Dismissed UWC Securitas staff in mediation talks
Workers are demanding to be reinstated at the University
Disgruntled Securitas employees are expected to meet with management on Friday to discuss whether they will be reinstated at the University of the Western Cape (UWC).
Over 100 current and former Securitas workers met on Wednesday where they agreed to participate in mediation processes with Securitas.
This comes nearly three months after 144 employees were dismissed on 13 January following violent student protests. Charges leveled against the group ranged from being absent from work, to “hostage” taking, and “assault and robbery”.
On Wednesday, dismissed workers held a meeting at the corners of Symphony Way and East Drive in Bellville. They have been protesting at that spot for several weeks, petitioning to be insourced by UWC.
According to workers, Securitas had declined their requests to be reinstated at UWC and instead agreed to meet on Friday. The group has elected five representatives to attend the mediation at Securitas’ Training Center in Maitland on Friday.
“We wanted to engage with [Securitas] involving the University playing the part of the mediator,” said Ntobeko Mfaxa, one of the dismissed workers.
“But [Securitas] say that they only want to meet the worker delegates, and not involve the university,” he said. Should Securitas not be prepared to reinstate them at UWC, they would once again approach the University to discuss insourcing, said Mfaxa.
Last week, UWC told GroundUp that insourcing at the University was “unaffordable”.

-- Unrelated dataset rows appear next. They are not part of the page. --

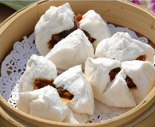 广东的叉烧包中诱人的红褐色叉烧肉馅会有一部分会露在外面,但这并不是刻意而为,而是因为独特的面团发酵方式,让叉烧包在蒸制时可以尽情释放叉烧扑鼻的香味,自然裂开。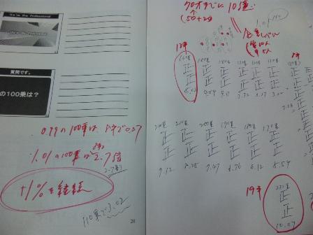 先日のセミナーで1.01の100乗は2.73になることを聞きました。だとしたら5倍になるにはどれくらいなのかと1.01をかけ続けていくと160回かけたところで5.02となりました。1年1乗とすると13年かかります。となると知りたくなるのは10倍になるにはどれくらいかかるのか。230乗で10.07となりました。19年かかります。19年後にはきっちりと企業レベルにまでもっていきたいと思います。
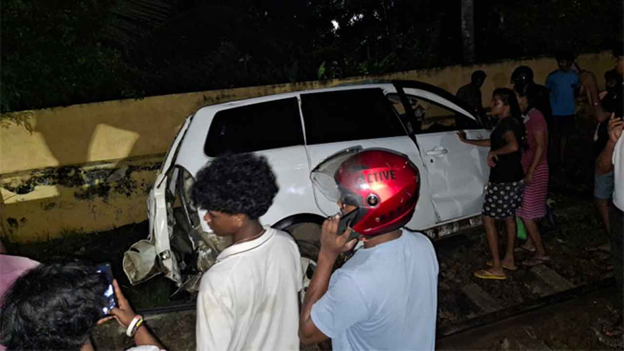 காலியில் இருந்து மாத்தறை நோக்கி பயணித்த ரயிலுடன் கார் மோதியுள்ளதாக தெரிவிக்கப்படுகிறது.
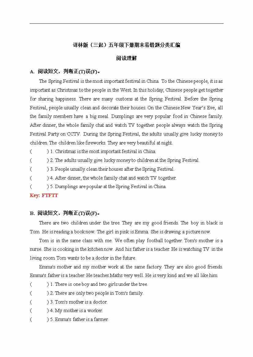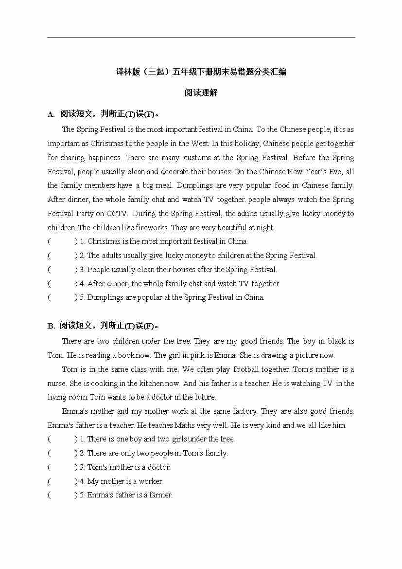 【期末易错题分类汇编】阅读理解(判断正误篇) 译林版(三起) 五年级下册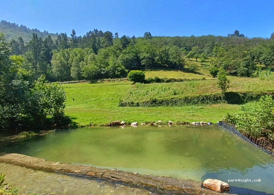 It is the sports court of the beautiful town of Tuña, an exemplary town of Asturias in the year 2000. This place is used as a general rule for sporting events and outside of them, which is most of the time for car and van parking. waiting for the ac area that is projected right in front to be built. The land is paved and completely level, it is inside the town but not right in the center, secluded but connected and has beautiful views of the Asturian mountains. From this point we have access to all kinds of mountain routes on foot and by bicycle, not in vain, Tuña is part of the Gravity Zone BTT Center and there are also multiple sites of cultural interest, such as the birthplace of Riego, the Merilles dolmen and numerous palatial houses. Tuña is also one of the towns with the most hórreos and bread baskets in Asturias. Undoubtedly a haven of peace, but if you want to eat, dine or have a drink, you have the Casa Pipo Restaurant where motorhome drivers are very well received.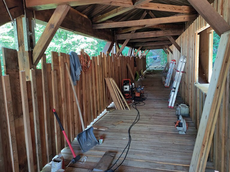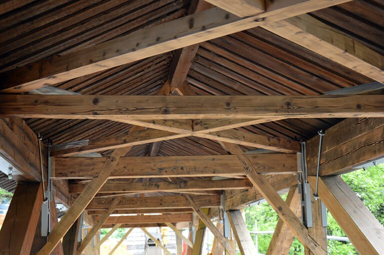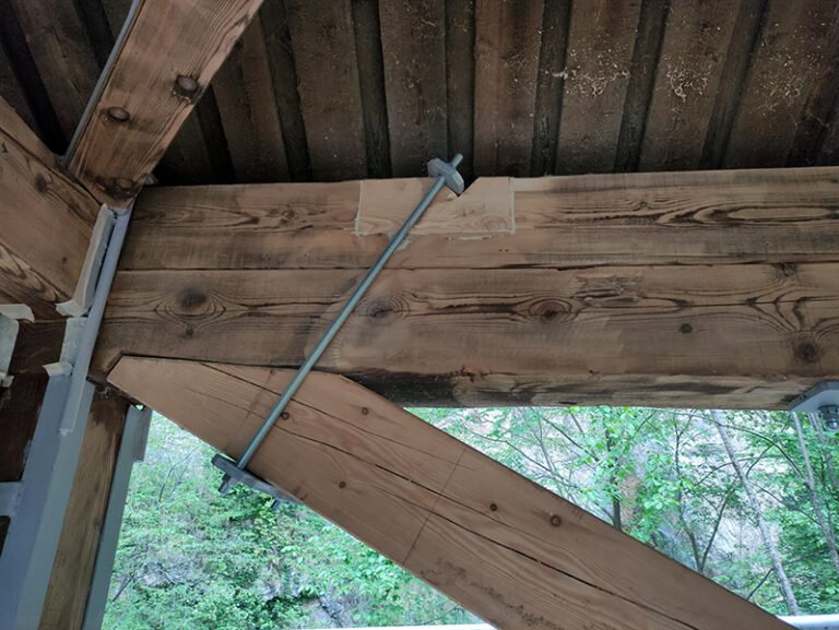 Intervento di riabilitazione di un ponte reticolare in legno massiccio di larice sul rio Tigia a Salorno (BZ).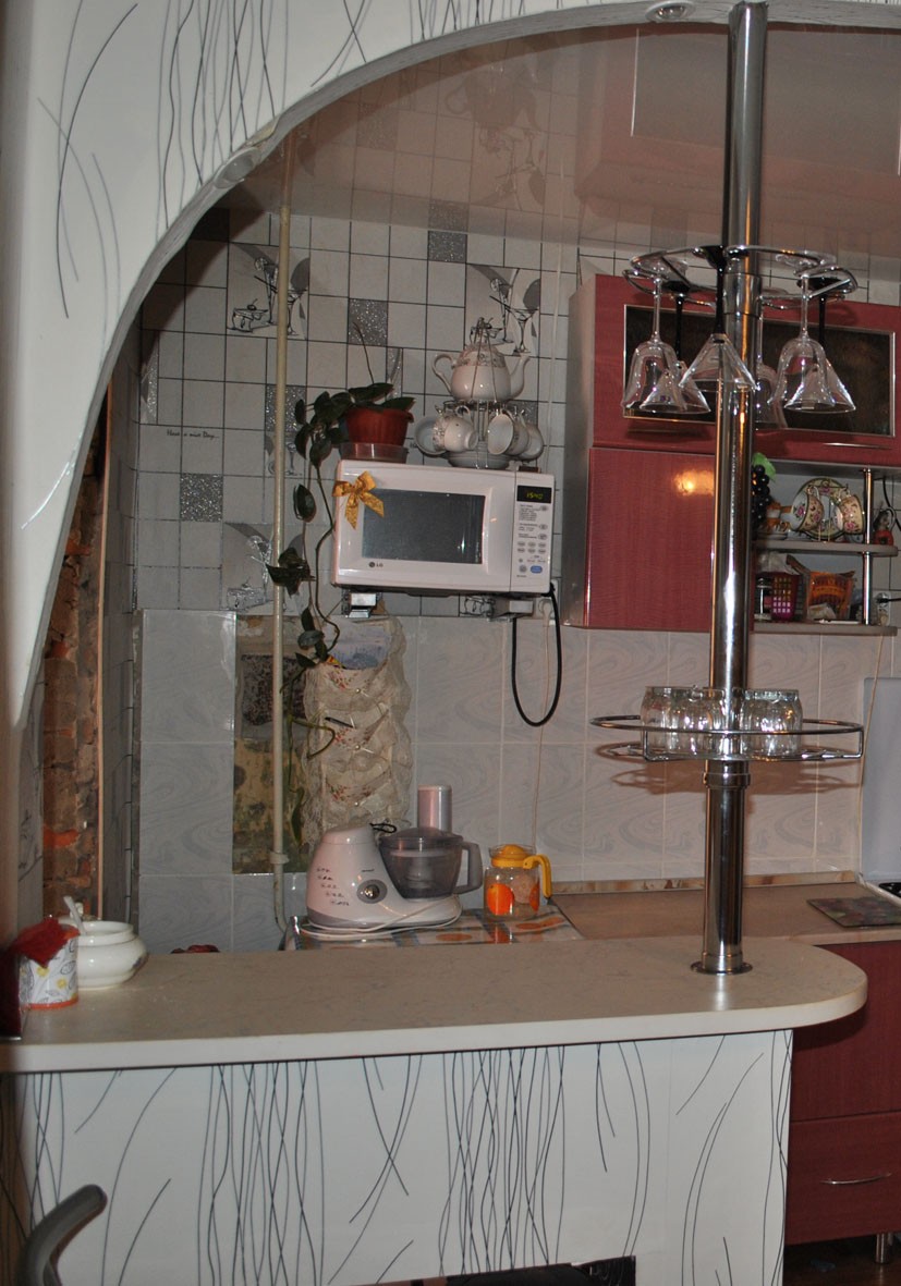 Барная стойка. Чтобы ее сделать, мы полностью выломали пол стены и снова собрали арку и простенок под столешницей.

“We are very happy to hear that the university is willing to engage with us in order to hire the workers directly. [But] they want us to meet with Securitas first so that we can come back and address them with what Securitas has said,” Mfaxa said.
Another dismissed workers, who asked not to be named, said: “We will go and listen but I know the hope is on the mediation process [between the workers and UWC]. We are not happy, we don’t trust [Securitas].”
Securitas and UWC did not responded to GroundUp’s requests for comment by the time of publication.